Learning from a system’s past performance to automate monitor and control.

 

ACT: Adaptive Control Technology based on learned behavior and applied to real-time monitor and control.

 

Using funding from a NASA STTR, ICS has developed new technologies which allow us to extract behavioral characteristics from past performance data and automate the real-time monitor and control of a system with a high degree of accuracy.   Using Adaptive Machine Learning techniques, we can mine historical data to define relationships and discover operational signatures for groups of related sensors.

 

One of the greatest producers of historical performance data in the aerospace industry is the Space Shuttle.  One of the most critical components of the Shuttle is the Space Shuttle Main Engines (SSME).  Many interrelated SSME sensors must be monitored in real-time and compared against expected behaviors; an out of tolerance value can cause a launch scrub…in flight, a failure could be disastrous.   An on-the-pad scrub of a shuttle can cost taxpayers more than $1 Million.

 

Since 1981, SSME faults have caused 23 scrubbed launches and 29% of total Shuttle downtime. The most serious cases typically occur in the last few seconds before ignition; a launch scrub that late in the countdown usually means a period of investigation of a month or more. For example, the scrub of STS-41D at T-4 seconds forced the cancellation of another mission, plus a two-month delay.  STS-51F was aborted at T-3 seconds in July'85; two weeks later, the Shuttle had to do an abort-to-orbit when one SSME shut down prematurely.  Another T-3 second SSME malfunction, this one on STS-55, delayed launch by over a month, and the same thing happened five months later to STS-51 and in 1994, STS-68 scrubbed at an unbelievable T-1.9 seconds. 

 

ICS and NASA decided to attack this problem by looking at well-characterized actuators and valves used to gimbal the SSMEs.  The actuator at the left is one used to gimbal one of the three SSMEs on a shuttle.  Each actuator is extensively tested at the bench level as well as sub-assemblies and on the shuttle itself.  Each actuator has performance data catalogued which defines the expected operational characteristics that can be observed during operations.  Prior to launch and post-launch, experts normally have to manually sift through performance data to determine if any unexpected readings have been recorded.  For a few sensors, this is within the realm of human capabilities.  Escalate the problem to hundreds of sensors for each SSME and tie in the need for three SSMEs to operate in concert, and you quickly exceed the human capacity.  Each SSME produces 12.8M bytes of information per second.  Real-time monitoring and correlation of data from these systems requires an efficient real-time application capable of responding within milliseconds.  ICS has developed the SCL real-time executive for real-time spacecraft monitor and control, but population of the system has always proved labor intensive.  This AML tool automates the population of the Expert System toolset.

 

In partnership with Florida Institute Technology’s Dr.

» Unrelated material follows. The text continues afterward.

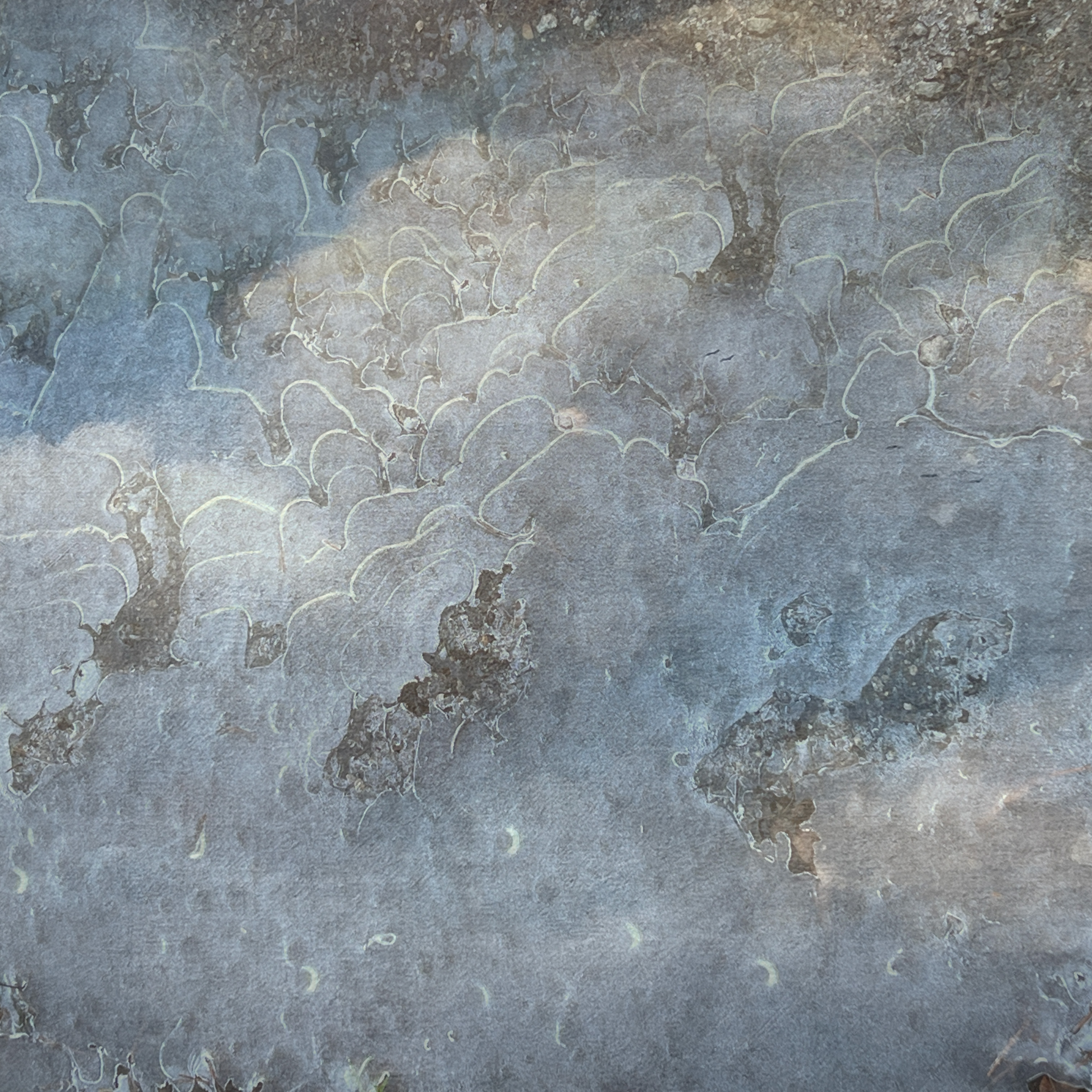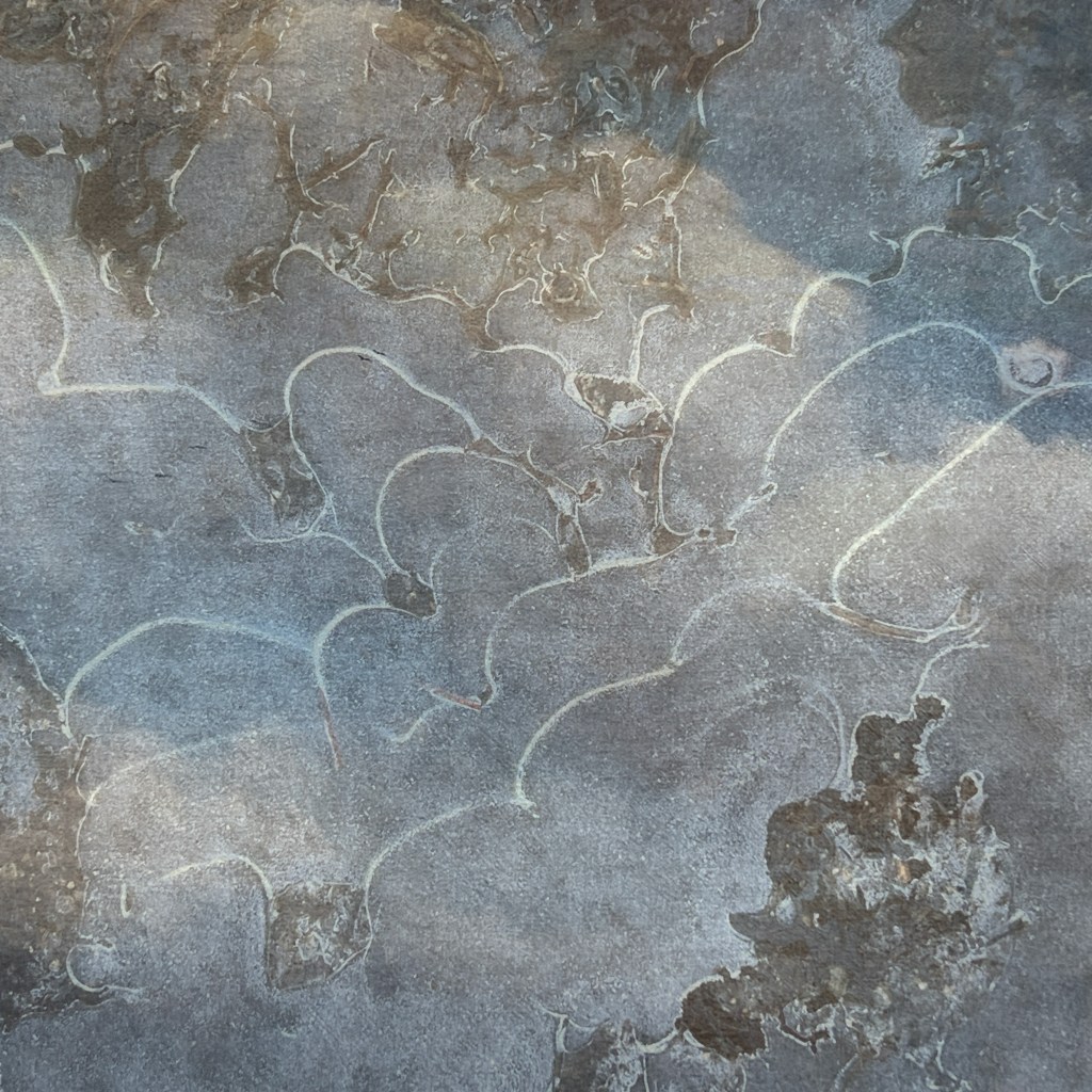 Ce matin, dans une flaque de glace, des dessins de nuages.

Phillip Chan and his students, ICS is developing algorithms that use Clustering techniques to automatically isolate groups of related values in historical data.  Groups of related data defined in each cluster represent distinct mode changes and can be represented as a signature for that group of data items.  Working in tandem with our existing intelligent technology, those mode signatures can later be recognized as nominal (or “off-nominal”) as a function of commands, time or behavior of other sensors.  In real-time the SCL executive can determine off-nominal behavior and notify an operator, another system, or safe the system by sending a series of commands to gracefully shut down.

 

 

AML techniques have isolated clusters in valve actuator current data at the left.  You can see that the behavior of one valve can be complex over short periods of time (milliseconds).  Clustering allows characterization of nominal patterns; then a deviation from the expected behavior would represent a failure that can impact the safety of the astronauts and the mission.  This is far beyond the traditional limit and range checking used in current monitoring systems.

 

 

 

 

In addition to enhanced quality and safety, capturing information and leveraging its capability for real-time monitor and control has potential for costs savings in the millions of dollars.  We expect to discover new relationships between sensors that are too complex to be seen using traditional manual processes and visual inspection.  Adaptive Control Technologies have wide applicability within as well as outside the aerospace community.  The ACT capabilities will be implemented as part of our standard data acquisition system.  ACT capabilities will benefit many of our existing and future customers.  This tool will complement our current software and join the recent addition of the NASA Ames Livingstone model-based reasoner and the JPL continuous replanner (CASPER) for autonomous operations such as the Air Force Research Laboratory’s TECHSAT-21 satellite constellation.

 

 

ICS is a privately owned company dedicated to intelligent command and control applications for mission critical systems.